Last year, I had the pleasure of attending a Canadian retail conference where I was incredibly impressed by the presentation of Dr. Gerd Wolfram, the Managing Director of Metro Group Information Technology GmbH, IT service provider of the German retail giant Metro AG.

Information technologies have a huge impact on retail business performance. This “magic” in IT technology was fantastic 15 to 20 years ago—and now it has become a regular staple and commonness in retail organizations. Metro AG has defined three major future retail industry trends: new forms of communications; better service; and real-time transparency. The organization thinks in terms of future and thus information technology has been defined as one of the company’s priorities. A very good demonstration of such forward thinking is The Metro Group Future Store Initiative, which is supposed to drive the national and international modernization process in retailing. The organization opened a new hypermarket in Töenisvorst, Germany, which was called Future Store. Many available retail innovations and technologies were implemented to run the store as an experimental field test playground.

What Innovations were Implemented at the Future Store?
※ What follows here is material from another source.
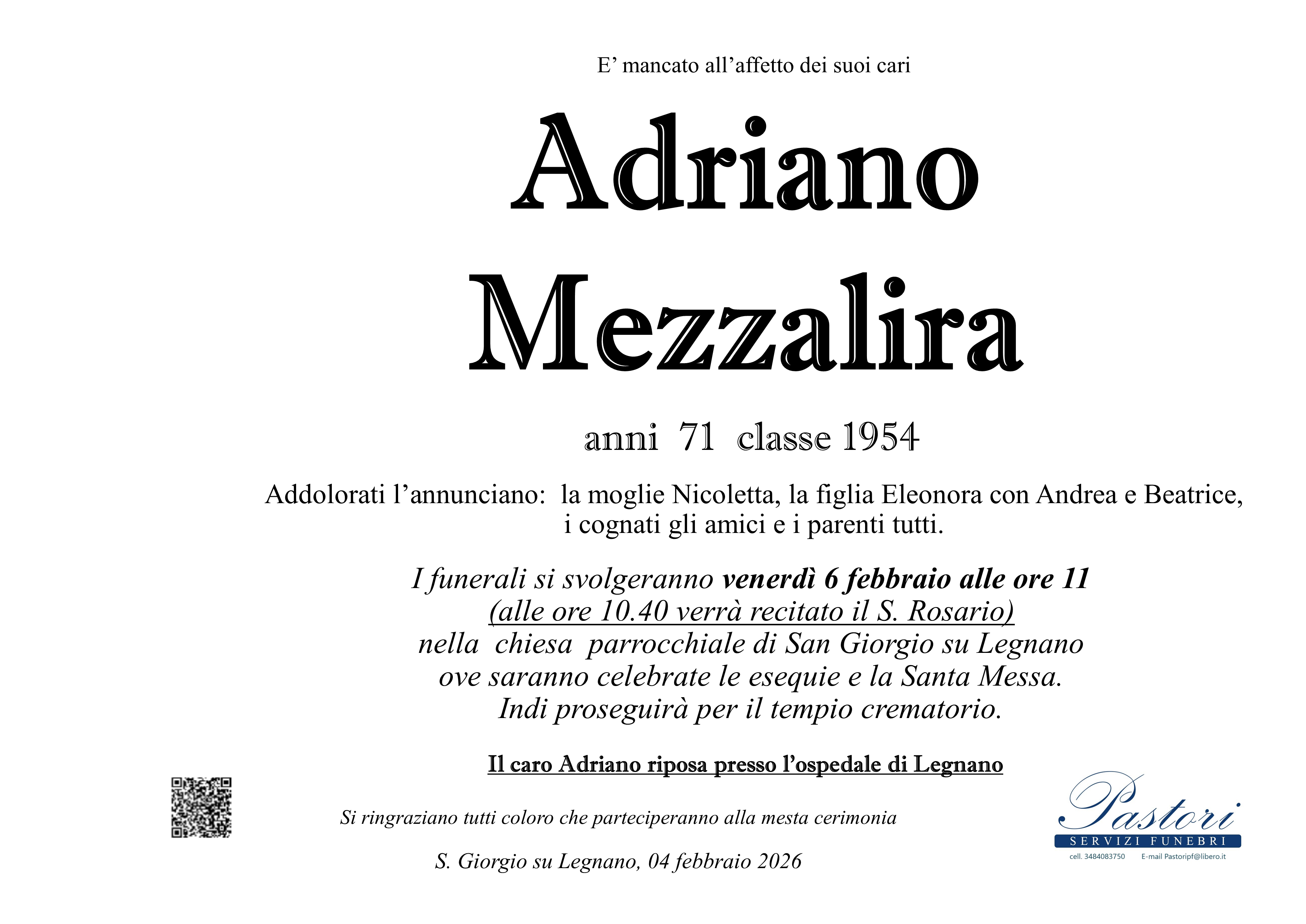 I familiari ringraziano anticipatamente tutti coloro che parteciperanno alla cerimonia funebre

Metro AG applied radio-frequency identification (RFID) at three levels—pallet, case, and item. This allowed the organization to discover new ways of leveraging RFID applications such as RFID-enabled forklifts, Smart Shelves (verifies which goods are currently in stock), meat Smart Coolers (labeled with RFID transponders verifies freshness in packaged meat); and Smart Mirrors (gives customers a detailed explanation of the garment and provides all possible additional information about pricing, discounts, using it in combination with another goods, etc.).

Another implemented innovation is one that facilitates communication. For example, there are many different types of informational monitors and multimedia terminals that interactively inform consumers about goods, current discounts, and send customers coupons on their mobile phones using Bluetooth technology. In the CD/DVD area, customers can listen to selected music via a sound shower, which provides directional audio. There are informational robots that walk around the store and provide consumers with any information they need or just entertain kids while parents are shopping.
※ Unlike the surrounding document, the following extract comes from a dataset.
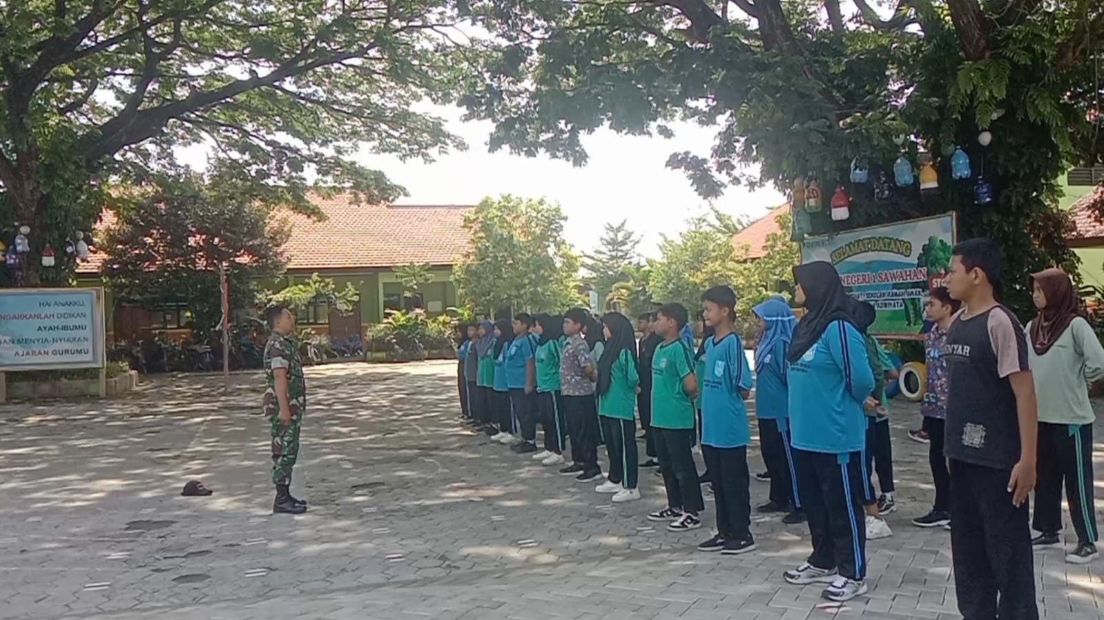 Madiun, 19 November 2024 – Sertu Eko Susanto, Babinsa Desa Pucangrejo dari Koramil 0803/17 Sawahan, memberikan pelatihan kepada siswa-siswi kelas VII dan VIII SMPN 1 Sawahan dalam kegiatan Latihan Dasar Kepemimpinan (LDK) yang berlangsung di halaman sekolah. Dalam kesempatan tersebut, Sertu Eko menyampaikan materi penting tentang Peraturan Baris-Berbaris (PBB) dan wawasan kebangsaan sebagai bagian dari pembentukan karakter kepemimpinan bagi generasi muda. Kegiatan ini diikuti oleh lebih dari 100 siswa dan bertujuan untuk menanamkan disiplin serta rasa cinta tanah air.

Another interesting form of improved communication is stimulating the senses. For instance, the fish department of a grocery store will generate a lemon scent to tempt the customer’s appetite; or there are floor-projected interactive living surfaces where customers can try to catch a virtual fish, or play with virtual bubbles.

Mobile phones are not only considered as a personal communication device. Customers can scan barcodes with their phones, store information about prices, coupons and discounts, create shopping lists, and even pay instead of using cash or credit card. Cash desks are also not forgotten—they are capable of recognizing a customer and charging them directly from their bank or mobile phone account using fingerprint scanners. Also, all cash registers are equipped with RFID scanners.

As a result of these innovations, sales rose by 15% over the last year, and 20% of new customers were attracted. Many of the newly tested technologies were deployed in other stores as well.
I believe this unique experience, in addition to the fact that the project is noteworthy and educative,  also helps small and large retail stores and chains to better clarify their own future innovations and technology implementation strategies.